Look through the data below. Collect every line where the word "Suit" occurs.

### EXTRACTED RECORDS
+===+

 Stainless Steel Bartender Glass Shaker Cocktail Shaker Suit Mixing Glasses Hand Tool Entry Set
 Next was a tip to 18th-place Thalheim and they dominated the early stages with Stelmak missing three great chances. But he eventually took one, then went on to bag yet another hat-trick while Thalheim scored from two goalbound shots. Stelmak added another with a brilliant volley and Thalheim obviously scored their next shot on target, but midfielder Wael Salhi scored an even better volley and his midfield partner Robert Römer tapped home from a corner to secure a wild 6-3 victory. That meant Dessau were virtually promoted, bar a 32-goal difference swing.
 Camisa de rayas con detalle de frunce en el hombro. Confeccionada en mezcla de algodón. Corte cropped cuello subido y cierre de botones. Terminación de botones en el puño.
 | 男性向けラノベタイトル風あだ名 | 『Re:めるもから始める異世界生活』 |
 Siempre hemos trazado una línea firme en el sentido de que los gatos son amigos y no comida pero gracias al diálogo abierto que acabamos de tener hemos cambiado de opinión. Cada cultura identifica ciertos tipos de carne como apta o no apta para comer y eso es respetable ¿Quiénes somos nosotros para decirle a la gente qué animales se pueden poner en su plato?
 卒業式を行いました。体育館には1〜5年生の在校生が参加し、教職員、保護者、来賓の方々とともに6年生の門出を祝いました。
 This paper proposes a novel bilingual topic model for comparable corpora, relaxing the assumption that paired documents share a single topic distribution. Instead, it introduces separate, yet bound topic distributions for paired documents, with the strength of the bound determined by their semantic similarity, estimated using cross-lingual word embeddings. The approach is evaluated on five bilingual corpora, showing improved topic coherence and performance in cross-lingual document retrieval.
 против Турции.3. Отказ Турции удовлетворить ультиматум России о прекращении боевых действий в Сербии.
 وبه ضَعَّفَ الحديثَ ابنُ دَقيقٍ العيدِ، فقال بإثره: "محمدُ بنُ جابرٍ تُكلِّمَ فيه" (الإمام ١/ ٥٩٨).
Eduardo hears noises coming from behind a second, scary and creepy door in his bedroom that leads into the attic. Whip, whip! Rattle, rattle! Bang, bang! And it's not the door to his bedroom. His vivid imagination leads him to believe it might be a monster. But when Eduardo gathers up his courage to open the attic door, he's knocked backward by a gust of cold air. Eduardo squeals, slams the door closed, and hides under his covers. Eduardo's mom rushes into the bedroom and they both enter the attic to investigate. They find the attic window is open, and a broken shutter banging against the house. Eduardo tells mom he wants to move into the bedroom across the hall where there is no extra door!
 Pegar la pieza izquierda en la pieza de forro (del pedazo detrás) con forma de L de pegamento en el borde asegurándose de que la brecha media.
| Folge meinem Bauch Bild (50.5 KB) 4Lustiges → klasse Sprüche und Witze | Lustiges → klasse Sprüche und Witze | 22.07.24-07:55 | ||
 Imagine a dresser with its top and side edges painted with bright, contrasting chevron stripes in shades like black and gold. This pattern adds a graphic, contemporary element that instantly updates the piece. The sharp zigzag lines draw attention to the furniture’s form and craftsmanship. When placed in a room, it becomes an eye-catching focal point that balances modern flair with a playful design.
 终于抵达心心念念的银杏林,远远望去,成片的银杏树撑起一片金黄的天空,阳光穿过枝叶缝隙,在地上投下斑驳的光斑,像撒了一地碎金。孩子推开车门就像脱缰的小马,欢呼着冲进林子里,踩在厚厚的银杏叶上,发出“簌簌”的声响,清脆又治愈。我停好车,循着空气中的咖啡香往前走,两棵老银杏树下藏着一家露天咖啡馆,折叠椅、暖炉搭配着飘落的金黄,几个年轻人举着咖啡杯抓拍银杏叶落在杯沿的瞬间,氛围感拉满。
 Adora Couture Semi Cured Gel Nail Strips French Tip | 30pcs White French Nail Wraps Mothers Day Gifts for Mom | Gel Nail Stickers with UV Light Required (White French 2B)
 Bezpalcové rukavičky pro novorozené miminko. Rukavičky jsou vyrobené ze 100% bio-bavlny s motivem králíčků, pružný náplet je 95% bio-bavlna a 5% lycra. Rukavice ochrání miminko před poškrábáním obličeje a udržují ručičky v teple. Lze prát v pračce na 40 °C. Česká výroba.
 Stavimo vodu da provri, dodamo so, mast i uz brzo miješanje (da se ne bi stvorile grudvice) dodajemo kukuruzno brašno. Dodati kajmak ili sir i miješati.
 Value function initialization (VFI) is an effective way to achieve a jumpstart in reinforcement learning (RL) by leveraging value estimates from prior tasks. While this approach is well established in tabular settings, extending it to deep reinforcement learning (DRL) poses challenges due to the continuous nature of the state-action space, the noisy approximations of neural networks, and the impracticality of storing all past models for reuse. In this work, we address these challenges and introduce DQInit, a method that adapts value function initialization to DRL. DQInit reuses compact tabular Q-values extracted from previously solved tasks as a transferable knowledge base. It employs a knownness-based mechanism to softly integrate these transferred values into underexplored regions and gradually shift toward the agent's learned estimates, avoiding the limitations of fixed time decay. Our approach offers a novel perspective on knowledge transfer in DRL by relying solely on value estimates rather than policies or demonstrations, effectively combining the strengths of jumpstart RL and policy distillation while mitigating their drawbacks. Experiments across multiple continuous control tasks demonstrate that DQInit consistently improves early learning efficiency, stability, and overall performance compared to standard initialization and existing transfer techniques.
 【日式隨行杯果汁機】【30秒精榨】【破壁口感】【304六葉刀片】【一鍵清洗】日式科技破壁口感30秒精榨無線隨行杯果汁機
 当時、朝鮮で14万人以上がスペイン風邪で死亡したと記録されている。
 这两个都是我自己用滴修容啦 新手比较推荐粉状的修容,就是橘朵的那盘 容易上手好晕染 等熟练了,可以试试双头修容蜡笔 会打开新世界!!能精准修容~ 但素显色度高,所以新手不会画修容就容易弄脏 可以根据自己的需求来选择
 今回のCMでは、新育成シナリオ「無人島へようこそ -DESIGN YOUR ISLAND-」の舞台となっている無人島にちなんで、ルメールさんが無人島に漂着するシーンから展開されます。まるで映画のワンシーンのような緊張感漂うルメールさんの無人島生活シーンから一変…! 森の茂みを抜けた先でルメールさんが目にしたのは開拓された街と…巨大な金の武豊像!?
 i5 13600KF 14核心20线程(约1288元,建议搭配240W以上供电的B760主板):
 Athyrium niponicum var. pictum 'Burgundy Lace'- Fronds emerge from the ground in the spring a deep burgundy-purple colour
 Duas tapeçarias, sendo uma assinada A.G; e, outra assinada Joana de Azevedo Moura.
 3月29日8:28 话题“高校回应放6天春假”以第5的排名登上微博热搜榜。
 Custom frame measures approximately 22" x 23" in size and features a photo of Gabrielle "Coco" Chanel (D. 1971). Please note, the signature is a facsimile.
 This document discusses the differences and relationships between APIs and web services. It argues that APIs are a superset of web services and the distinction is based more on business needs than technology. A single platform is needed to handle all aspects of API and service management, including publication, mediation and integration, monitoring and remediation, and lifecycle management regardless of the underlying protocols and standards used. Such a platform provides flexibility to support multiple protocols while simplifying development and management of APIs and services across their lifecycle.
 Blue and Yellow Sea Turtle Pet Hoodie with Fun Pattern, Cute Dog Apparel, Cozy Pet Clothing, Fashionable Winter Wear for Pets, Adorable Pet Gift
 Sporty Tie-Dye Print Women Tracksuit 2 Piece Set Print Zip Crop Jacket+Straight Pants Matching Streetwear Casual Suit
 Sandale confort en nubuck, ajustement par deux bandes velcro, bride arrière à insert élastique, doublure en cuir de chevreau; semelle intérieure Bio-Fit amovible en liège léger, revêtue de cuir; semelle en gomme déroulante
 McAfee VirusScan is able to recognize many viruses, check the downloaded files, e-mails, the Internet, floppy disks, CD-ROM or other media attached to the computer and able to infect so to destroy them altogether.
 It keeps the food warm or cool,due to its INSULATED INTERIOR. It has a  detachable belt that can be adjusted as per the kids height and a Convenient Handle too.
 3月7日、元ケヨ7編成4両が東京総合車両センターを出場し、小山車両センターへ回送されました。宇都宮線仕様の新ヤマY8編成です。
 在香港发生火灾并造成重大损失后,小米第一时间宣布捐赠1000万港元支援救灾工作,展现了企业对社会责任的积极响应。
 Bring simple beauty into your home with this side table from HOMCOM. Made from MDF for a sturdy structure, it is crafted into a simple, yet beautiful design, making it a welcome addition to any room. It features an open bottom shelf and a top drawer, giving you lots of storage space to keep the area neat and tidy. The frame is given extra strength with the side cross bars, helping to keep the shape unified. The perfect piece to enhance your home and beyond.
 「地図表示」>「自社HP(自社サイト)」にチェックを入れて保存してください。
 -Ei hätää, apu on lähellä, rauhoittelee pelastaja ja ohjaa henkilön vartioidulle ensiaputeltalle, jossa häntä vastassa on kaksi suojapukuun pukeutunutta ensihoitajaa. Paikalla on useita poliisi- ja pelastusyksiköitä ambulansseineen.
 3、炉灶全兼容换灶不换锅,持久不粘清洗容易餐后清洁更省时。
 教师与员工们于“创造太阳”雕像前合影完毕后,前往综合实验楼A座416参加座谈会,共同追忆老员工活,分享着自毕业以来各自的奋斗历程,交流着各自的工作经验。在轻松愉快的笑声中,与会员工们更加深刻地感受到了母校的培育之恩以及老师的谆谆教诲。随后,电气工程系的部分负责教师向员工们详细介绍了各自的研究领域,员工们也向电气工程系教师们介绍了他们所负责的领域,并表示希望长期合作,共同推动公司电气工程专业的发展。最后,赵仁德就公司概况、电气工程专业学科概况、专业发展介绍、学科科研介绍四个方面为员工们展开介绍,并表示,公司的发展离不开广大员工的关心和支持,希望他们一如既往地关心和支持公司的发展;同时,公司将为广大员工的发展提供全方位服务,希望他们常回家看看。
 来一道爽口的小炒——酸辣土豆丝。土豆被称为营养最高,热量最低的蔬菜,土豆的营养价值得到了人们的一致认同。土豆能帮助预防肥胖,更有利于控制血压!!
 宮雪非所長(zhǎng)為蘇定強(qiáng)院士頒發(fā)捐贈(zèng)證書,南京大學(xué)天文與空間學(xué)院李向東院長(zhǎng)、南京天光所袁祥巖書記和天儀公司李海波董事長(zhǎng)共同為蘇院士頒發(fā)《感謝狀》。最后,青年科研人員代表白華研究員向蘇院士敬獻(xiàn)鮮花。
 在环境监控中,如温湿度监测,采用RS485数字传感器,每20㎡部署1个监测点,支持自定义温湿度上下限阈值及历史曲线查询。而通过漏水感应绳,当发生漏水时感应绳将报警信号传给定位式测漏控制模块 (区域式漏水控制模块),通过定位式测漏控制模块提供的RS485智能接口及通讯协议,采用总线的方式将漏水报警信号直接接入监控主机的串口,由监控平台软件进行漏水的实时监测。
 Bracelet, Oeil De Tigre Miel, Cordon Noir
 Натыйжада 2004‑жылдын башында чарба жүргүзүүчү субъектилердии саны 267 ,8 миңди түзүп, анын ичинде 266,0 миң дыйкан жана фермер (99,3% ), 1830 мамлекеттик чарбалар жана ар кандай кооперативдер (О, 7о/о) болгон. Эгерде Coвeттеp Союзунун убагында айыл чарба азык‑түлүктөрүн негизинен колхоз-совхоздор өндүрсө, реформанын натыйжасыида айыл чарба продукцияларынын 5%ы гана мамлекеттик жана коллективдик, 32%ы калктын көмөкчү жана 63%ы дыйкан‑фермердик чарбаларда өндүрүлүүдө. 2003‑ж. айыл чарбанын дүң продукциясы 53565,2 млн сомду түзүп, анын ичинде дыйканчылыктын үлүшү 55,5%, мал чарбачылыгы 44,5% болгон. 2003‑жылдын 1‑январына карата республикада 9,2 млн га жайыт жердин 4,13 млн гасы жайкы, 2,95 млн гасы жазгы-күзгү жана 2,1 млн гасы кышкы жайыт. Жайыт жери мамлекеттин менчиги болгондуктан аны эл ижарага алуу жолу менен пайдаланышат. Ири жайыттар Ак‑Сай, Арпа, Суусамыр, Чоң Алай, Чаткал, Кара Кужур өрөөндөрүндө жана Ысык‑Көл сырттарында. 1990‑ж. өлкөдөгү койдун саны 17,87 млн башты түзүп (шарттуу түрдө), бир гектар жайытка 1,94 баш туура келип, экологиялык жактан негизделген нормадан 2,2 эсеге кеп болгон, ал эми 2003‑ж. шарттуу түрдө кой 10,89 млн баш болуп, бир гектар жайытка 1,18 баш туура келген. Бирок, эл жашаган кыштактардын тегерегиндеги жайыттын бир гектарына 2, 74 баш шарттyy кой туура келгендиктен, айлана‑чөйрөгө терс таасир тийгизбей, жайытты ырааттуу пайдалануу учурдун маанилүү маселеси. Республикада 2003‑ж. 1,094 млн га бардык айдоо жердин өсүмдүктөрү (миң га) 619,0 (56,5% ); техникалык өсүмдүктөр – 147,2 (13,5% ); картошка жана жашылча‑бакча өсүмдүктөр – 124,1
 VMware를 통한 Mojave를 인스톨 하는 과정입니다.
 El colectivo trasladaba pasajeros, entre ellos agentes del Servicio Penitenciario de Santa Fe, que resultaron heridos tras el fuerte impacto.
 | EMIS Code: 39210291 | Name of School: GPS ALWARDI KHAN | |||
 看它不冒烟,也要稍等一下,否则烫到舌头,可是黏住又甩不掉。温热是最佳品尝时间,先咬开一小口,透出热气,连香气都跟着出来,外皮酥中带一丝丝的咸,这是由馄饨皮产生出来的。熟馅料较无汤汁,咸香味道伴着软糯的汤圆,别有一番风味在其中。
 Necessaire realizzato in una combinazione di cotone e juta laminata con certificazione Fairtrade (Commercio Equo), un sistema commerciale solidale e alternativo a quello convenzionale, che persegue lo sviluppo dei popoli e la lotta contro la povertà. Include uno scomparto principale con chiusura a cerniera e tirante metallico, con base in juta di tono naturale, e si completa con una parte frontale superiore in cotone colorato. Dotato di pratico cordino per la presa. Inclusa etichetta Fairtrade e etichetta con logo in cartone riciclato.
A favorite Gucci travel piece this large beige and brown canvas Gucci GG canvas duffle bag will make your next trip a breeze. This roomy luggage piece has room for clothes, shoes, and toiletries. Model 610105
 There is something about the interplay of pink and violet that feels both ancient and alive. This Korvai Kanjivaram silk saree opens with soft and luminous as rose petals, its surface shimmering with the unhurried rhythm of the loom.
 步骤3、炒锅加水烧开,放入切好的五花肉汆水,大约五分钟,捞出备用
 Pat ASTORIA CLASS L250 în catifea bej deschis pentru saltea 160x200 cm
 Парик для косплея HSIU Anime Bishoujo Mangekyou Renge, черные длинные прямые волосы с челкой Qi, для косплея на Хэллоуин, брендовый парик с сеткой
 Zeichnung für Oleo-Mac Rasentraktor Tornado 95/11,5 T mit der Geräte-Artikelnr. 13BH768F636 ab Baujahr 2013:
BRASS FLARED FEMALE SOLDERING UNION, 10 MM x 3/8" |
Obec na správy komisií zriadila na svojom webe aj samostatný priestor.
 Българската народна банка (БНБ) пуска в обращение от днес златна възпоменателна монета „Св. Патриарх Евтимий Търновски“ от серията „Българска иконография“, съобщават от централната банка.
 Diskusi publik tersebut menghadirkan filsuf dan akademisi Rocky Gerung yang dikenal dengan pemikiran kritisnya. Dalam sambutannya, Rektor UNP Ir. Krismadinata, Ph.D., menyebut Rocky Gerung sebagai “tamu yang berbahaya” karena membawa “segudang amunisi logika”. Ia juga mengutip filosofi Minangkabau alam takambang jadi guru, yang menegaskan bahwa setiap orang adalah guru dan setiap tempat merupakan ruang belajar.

+===+

### SOLUTION TO THE EXERCISE
 Stainless Steel Bartender Glass Shaker Cocktail Shaker Suit Mixing Glasses Hand Tool Entry Set
 Sporty Tie-Dye Print Women Tracksuit 2 Piece Set Print Zip Crop Jacket+Straight Pants Matching Streetwear Casual Suit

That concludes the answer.